**AIM OF THE EXERCISE**
Once the line with "В отчете отображается" has been located in the records below, set down that line and all subsequent lines exactly, omitting the pictures.

[Records from a dataset]
-*-
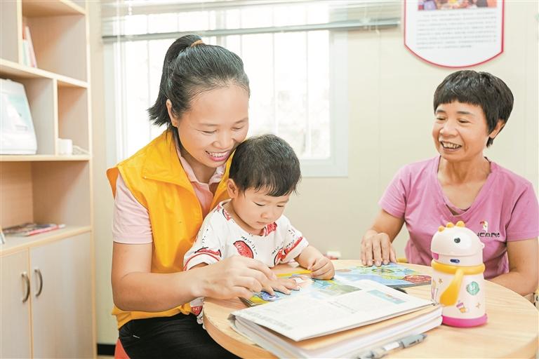 杜丕瑜在社区亲邻之家带着小朋友读绘本。
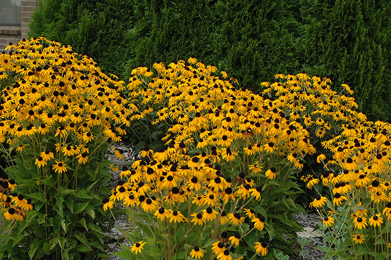 Hardiness Zone: 3a Other Names: Orange Coneflower, Black Eyed Susan Ornamental Features Goldsturm Coneflower has masses of beautiful gold daisy flowers with dark brown eyes at the ends of the stems from mid summer to early fall, which are most effective when planted in groupings. The flowers are excellent for cutting. Its serrated pointy leaves remain dark green in color throughout the season. Landscape Attributes Goldsturm Coneflower is an herbaceous perennial with an upright spreading habit of growth. Its medium texture blends into the garden, but can always be balanced by a couple of finer or coarser plants for an effective composition. This is a relatively low maintenance plant, and should be cut back in late fall in preparation for winter. It is a good choice for attracting butterflies to your yard, but is not particularly attractive to deer who tend to leave it alone in favor of tastier treats. It has no significant negative characteristics. Goldsturm Coneflower is recommended for the following landscape applications; Planting & Growing Goldsturm Coneflower will grow to be about 24 inches tall at maturity, with a spread of 24 inches. When grown in masses or used as a bedding plant, individual plants should be spaced approximately 18 inches apart. It grows at a fast rate, and under ideal conditions can be expected to live for approximately 15 years. As an herbaceous perennial, this plant will usually die back to the crown each winter, and will regrow from the base each spring. Be careful not to disturb the crown in late winter when it may not be readily seen! This plant should only be grown in full sunlight. It prefers to grow in average to moist conditions, and shouldn't be allowed to dry out. It is not particular as to soil type or pH. It is highly tolerant of urban pollution and will even thrive in inner city environments. This is a selection of a native North American species. It can be propagated by division; however, as a cultivated variety, be aware that it may be subject to certain restrictions or prohibitions on propagation. Goldsturm Coneflower is a fine choice for the garden, but it is also a good selection for planting in outdoor pots and containers. With its upright habit of growth, it is best suited for use as a 'thriller' in the 'spiller-thriller-filler' container combination; plant it near the center of the pot, surrounded by smaller plants and those that spill over the edges. It is even sizeable enough that it can be grown alone in a suitable container. Note that when growing plants in outdoor containers and baskets, they may require more frequent waterings than they would in the yard or garden.![]()
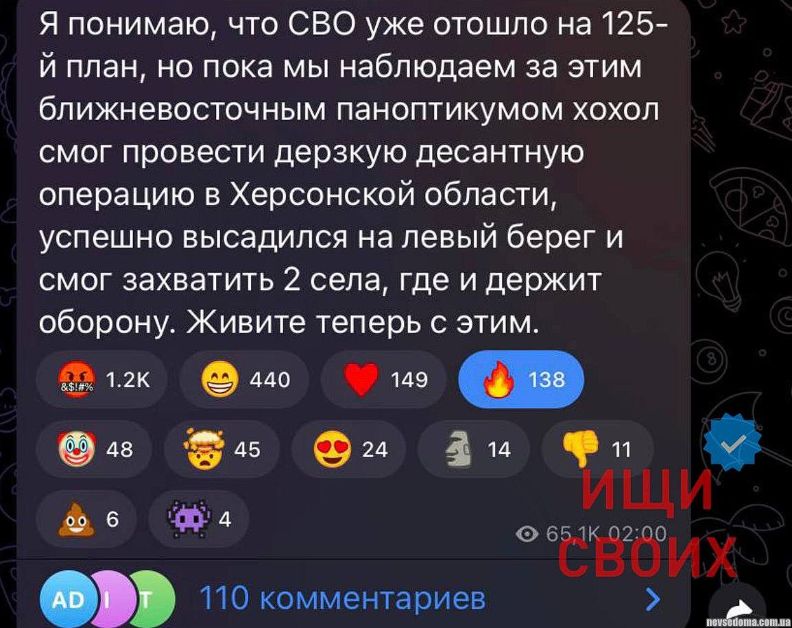 ▪️Росіяни зіпсують, що морська піхота ЗСУ провела десантну операцію і взяла під контроль село Пойма, зайнявши там кругову оборону, і наблизилася до північних кордонів села Піщанівка
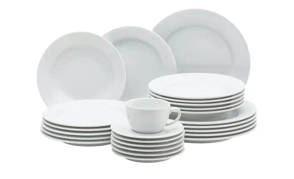 Mit dem Kombiservice Basic aus Porzellan sind Sie jederzeit gut ausgestattet, wenn es darum geht, Ihre Lieben zu bewirten. Das 30-teilige weiße Service mit seinem schlichten und zugleich eleganten Design bereichert Ihre Tafel und ist darüber hinaus schnell und einfach in der Spülmaschine zu reinigen.bewusst wohnen
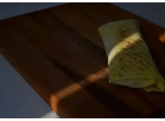 Лаваш луковый, огурец, помидор, картофель фри, карамелизованный лук, мясо свиньи/курицы, соус, зелень Вес: 320 гр
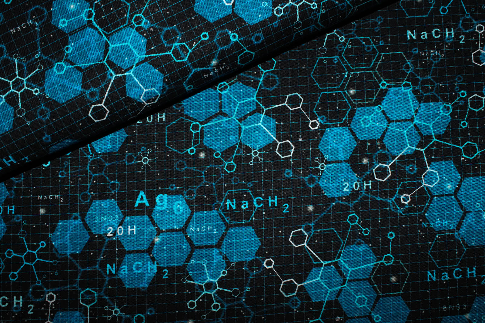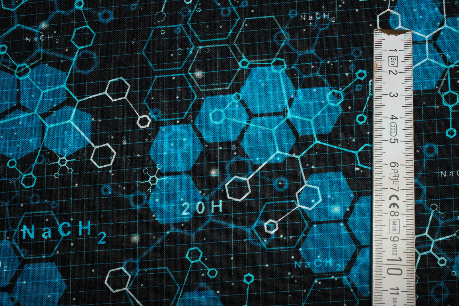 Toller ausgefallener Designer- Baumwollwebstoff mit Molekülen und chemischen Formeln aus dem Hause Robert Kaufman. Ideal geeignet für Taschen, Untensilos, Kissen uvm.Daraus lassen sich tolle individualisierte Geschenke für bestimmte Berufsgruppen (Chemiker, Lehrer, Forscher usw.) nähen. Der Untergrund des Stoffes ist schwarz mit kleinen blauen Karos. Die Stoffe auf dem vierten Foto, dienen der Inspiration und gehören nicht mit zum Angebot.
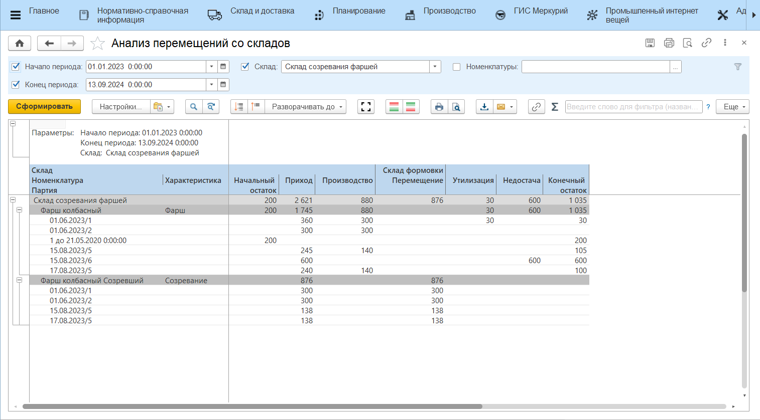В отчете отображается приход, расход (по разным типам), начальный и конечный остаток партий на выбранном складе в пределах указанного в параметрах периода.
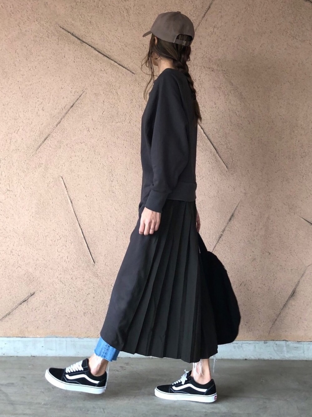 バックプリーツが可愛いスウェットワンピ♡ ワンピ×デニム。 カジュアルレイヤードスタイル♡ ◆Instagram◆ COPINE→@copine_ayaiku 私→@ayayayark
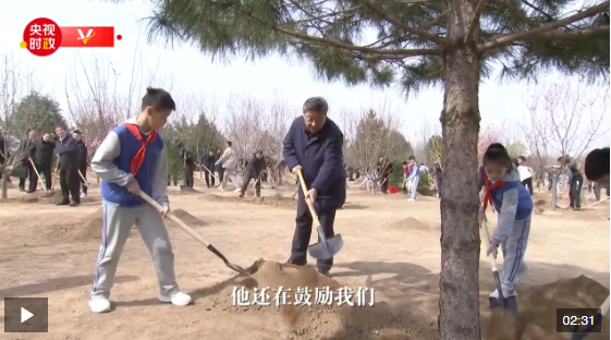 植樹期間,習(xí)近平詢問孩子們的學(xué)習(xí)生活和勞動(dòng)鍛煉情況,并同在場的干部群眾親切交談。
-*-
**OUTPUT OF THE TASK**
В отчете отображается приход, расход (по разным типам), начальный и конечный остаток партий на выбранном складе в пределах указанного в параметрах периода.
 バックプリーツが可愛いスウェットワンピ♡ ワンピ×デニム。 カジュアルレイヤードスタイル♡ ◆Instagram◆ COPINE→@copine_ayaiku 私→@ayayayark
 植樹期間,習(xí)近平詢問孩子們的學(xué)習(xí)生活和勞動(dòng)鍛煉情況,并同在場的干部群眾親切交談。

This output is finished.